What about the UK’s tomato producers?
Of all the tomatoes eaten in the UK – about 500,000 tonnes a year – UK growers produce a fifth or 100,000 tonnes.
During the summer, this goes up to around half of all tomatoes bought.
There have been shortages of seasonal farm workers, including in the glasshouses where tomatoes are grown, that have been blamed on Brexit and the pandemic.
The government’s Seasonal Workers visa scheme allows workers to stay for six months at a time. Before Brexit, they could come and go – from other EU countries – as part of freedom of movement rules. Now they come from countries as far away as Nepal.
Dr Sarah Schiffling, a supply chain expert from the Hanken School in Helsinki, told us the season for growing tomatoes in UK glasshouses is about nine months a year. A six-month visa means recruiting and training two sets of workers, adding to the paperwork and cost.

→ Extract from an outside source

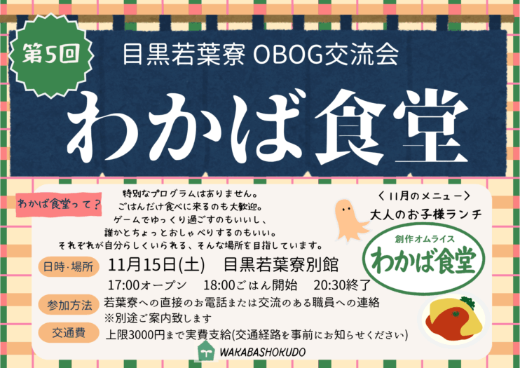 OB・OG対象 「わかば食堂」 第5回のお知らせ【11/15(土)】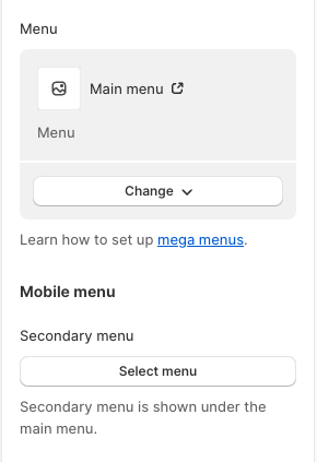 Menu = The menu you create in the navigation section of the admin that displays collection links, product links, and page links.

In addition, visas are granted only if workers earn at least £10.10 for each hour worked – 60p more than the current National Minimum Wage.
Dr Schiffling highlighted differences in pricing strategies between UK and EU supermarkets which, she argued, has been a factor in the current shortages.
“The pricing strategies of some supermarkets in the UK tie producers into longer-term contracts while the EU supermarkets use spot rates – when there are fewer tomatoes the price goes up”, she told BBC 5 Live.
What about tomatoes from Morocco?
More than a third of tomatoes eaten in the UK currently come from Morocco.
Growers there have been affected by unusually cold night-time temperatures that affected tomato ripening.
Bad weather also led to the cancellations of ferries bringing supplies to the European mainland over the past three to four weeks.
After Brexit, the UK signed a trade continuity agreement with Morocco (replicating the trade deal the UK had with the country as an EU member).
In March 2022, Poole Harbour announced a new direct service connecting the UK and Morocco would be launched “shortly”.
It said it would provide “an alternative route for exporters from Morocco and Africa currently using road networks to the UK via Europe”. But the route has not been launched.
We contacted officials at Poole but have not had a reply.